WORK ITEM:
Exactly as written, please set down all of the entries again, with no pictures.

DATA SUPPLIED:
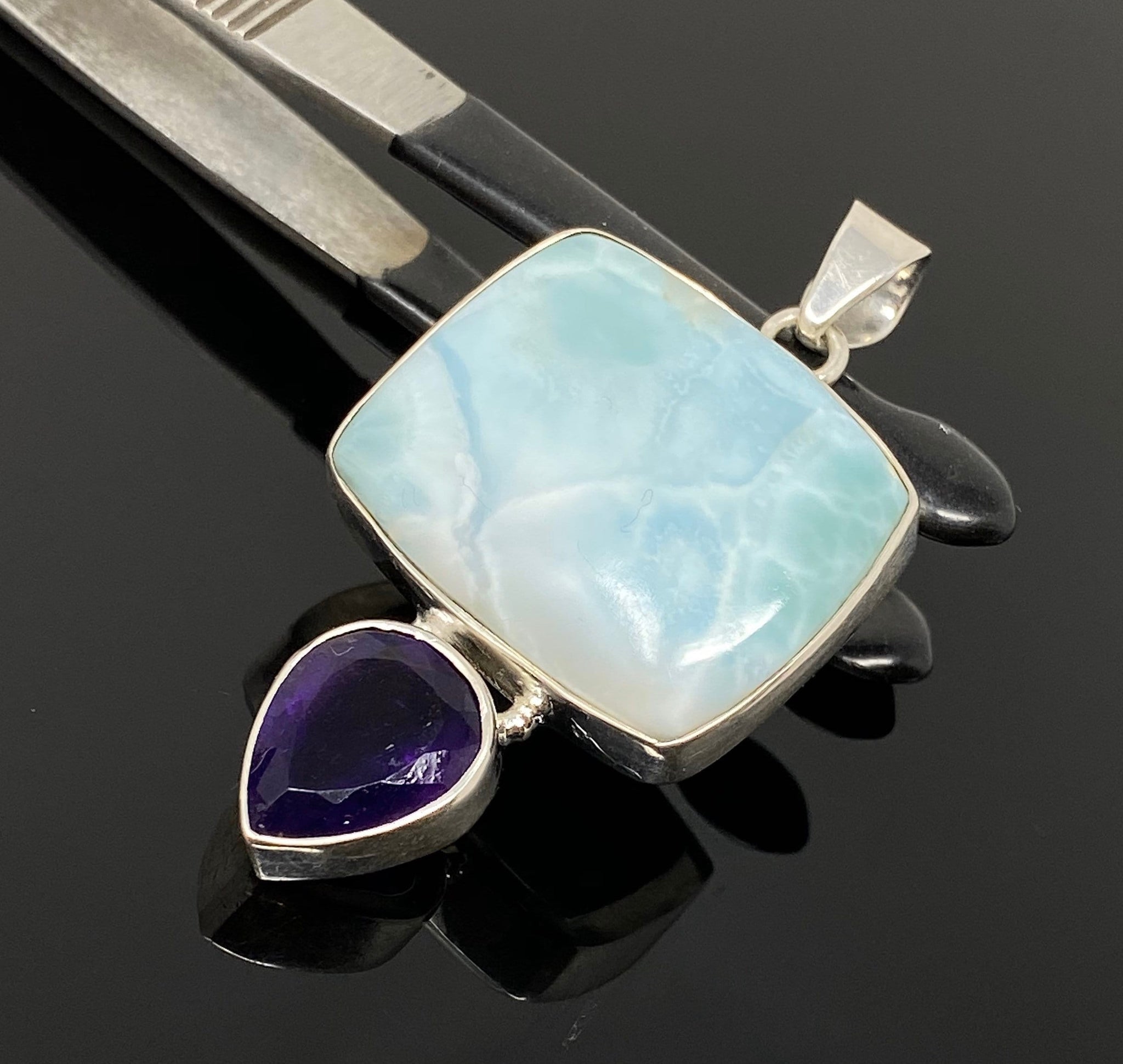 Natural Larimar and Amethyst Gemstone Pendant, Sterling Silver Jewelry, Larimar Pendant, Amethyst Pendant, Bohemian Jewelry
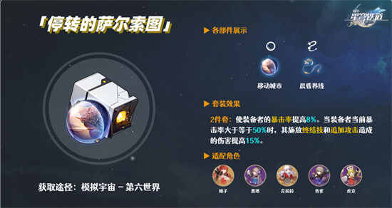 二件套:使装备者的暴击率提高8%,当装备者当前暴击率大于等于50%时,其施放终结技和追加攻击造成的伤害提高15%。
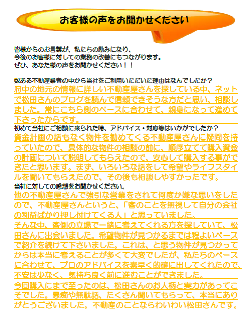 やはりこれがうれしいですね、アンケート。 今回のお取引でも褒められました(笑)。 やはり、お客様に対して末永くお付き合いをさせていただく前提でお仕事をさせていただいているので、喜んでいただけるんだろうなって思っています。やっぱり心がないといけません。 今度、このお客様とは飲みに行こうという計画がありますが、お互いお仕事の様子を見ながら行こうかと思っております。 実は、フェイスブックではすでにお友達(笑)。リアルにお友達になりたいと思っています(笑)。 目標は中河原駅界隈。 うちからもそんな...
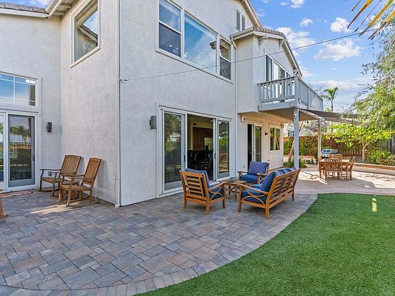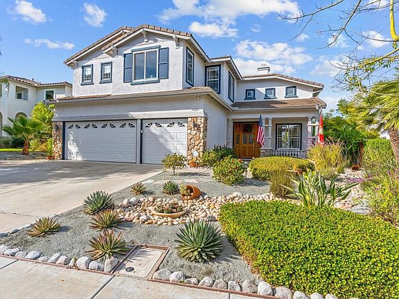Desirable home in the coveted Santa Fe Trails neighborhood set on an elevated view lot. Beautiful interior that features a vaulted living room with two story windows, doors to the backyard and a fireplace and a private dining room with custom wood paneling, large picture windows and a sliding door. The spacious family room includes custom built-ins, wine storage, surround sound, double doors to the back and a fireplace. The gourmet kitchen features custom Honduran mahogany cabinetry, a center island with storage, granite countertops, a reverse osmosis system, a Bosch dishwasher, a Sharp undercounter microwave and KitchenAid appliances that include a double oven, gas range, trash compactor and wine refrigerator. The home also has a large interior laundry room with custom cabinetry, ample storage, a sink and access to the side yard, as well as a remodeled powder bathroom, and a three car garage. Upstairs features a large primary suite with a view deck, spa-like bathroom with dual closets, a large shower and jet tub. An oversized retreat area off the primary bedroom is perfect for an office or gym. The retreat can also be modified into a separate bedroom from the hallway. In addition, upstairs there are three bedrooms and a remodeled secondary full bathroom with dual sinks. The home has just been painted and had new carpet installed. North westerly facing backyard with a covered patio seating area, mature landscaping and plenty of room for entertaining. Additional features include: solar, a whole house back up generator, two zoned heating and AC and upgraded lighting. Wonderful neighborhood with parks, trails, low HOA fees & convenient location. Close to shops, restaurants, entertainment, parks, and centrally located between these top schools: Olivenhain Pioneer Elementary, Diegueno Middle School, and La Costa Canyon High School.
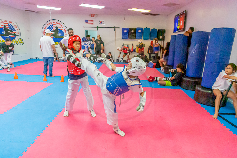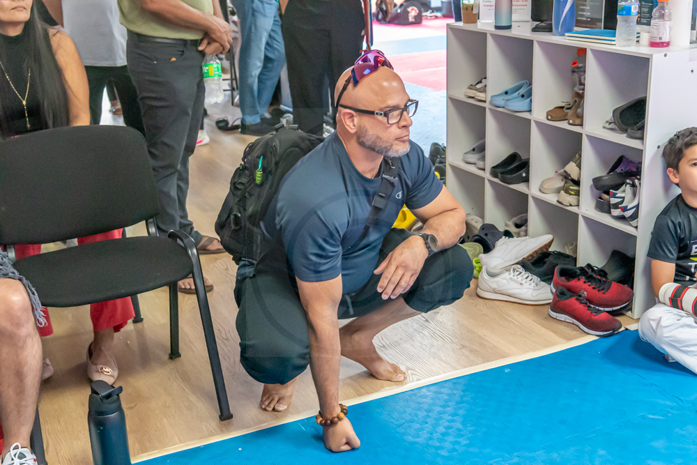 Grand Master Melvin Rasmijn y Master Yoshmar Wever a coach e team di Aruba durante e scrimmage. E atletanan di Taekwondo Team Aruba a bringa for di mainta 10’or te cu 3’or di atardi cu un pauze di 30 min.

EXERCISE ANSWER:
 Natural Larimar and Amethyst Gemstone Pendant, Sterling Silver Jewelry, Larimar Pendant, Amethyst Pendant, Bohemian Jewelry
 二件套:使装备者的暴击率提高8%,当装备者当前暴击率大于等于50%时,其施放终结技和追加攻击造成的伤害提高15%。
 やはりこれがうれしいですね、アンケート。 今回のお取引でも褒められました(笑)。 やはり、お客様に対して末永くお付き合いをさせていただく前提でお仕事をさせていただいているので、喜んでいただけるんだろうなって思っています。やっぱり心がないといけません。 今度、このお客様とは飲みに行こうという計画がありますが、お互いお仕事の様子を見ながら行こうかと思っております。 実は、フェイスブックではすでにお友達(笑)。リアルにお友達になりたいと思っています(笑)。 目標は中河原駅界隈。 うちからもそんな...
Desirable home in the coveted Santa Fe Trails neighborhood set on an elevated view lot. Beautiful interior that features a vaulted living room with two story windows, doors to the backyard and a fireplace and a private dining room with custom wood paneling, large picture windows and a sliding door. The spacious family room includes custom built-ins, wine storage, surround sound, double doors to the back and a fireplace. The gourmet kitchen features custom Honduran mahogany cabinetry, a center island with storage, granite countertops, a reverse osmosis system, a Bosch dishwasher, a Sharp undercounter microwave and KitchenAid appliances that include a double oven, gas range, trash compactor and wine refrigerator. The home also has a large interior laundry room with custom cabinetry, ample storage, a sink and access to the side yard, as well as a remodeled powder bathroom, and a three car garage. Upstairs features a large primary suite with a view deck, spa-like bathroom with dual closets, a large shower and jet tub. An oversized retreat area off the primary bedroom is perfect for an office or gym. The retreat can also be modified into a separate bedroom from the hallway. In addition, upstairs there are three bedrooms and a remodeled secondary full bathroom with dual sinks. The home has just been painted and had new carpet installed. North westerly facing backyard with a covered patio seating area, mature landscaping and plenty of room for entertaining. Additional features include: solar, a whole house back up generator, two zoned heating and AC and upgraded lighting. Wonderful neighborhood with parks, trails, low HOA fees & convenient location. Close to shops, restaurants, entertainment, parks, and centrally located between these top schools: Olivenhain Pioneer Elementary, Diegueno Middle School, and La Costa Canyon High School.
 Grand Master Melvin Rasmijn y Master Yoshmar Wever a coach e team di Aruba durante e scrimmage. E atletanan di Taekwondo Team Aruba a bringa for di mainta 10’or te cu 3’or di atardi cu un pauze di 30 min.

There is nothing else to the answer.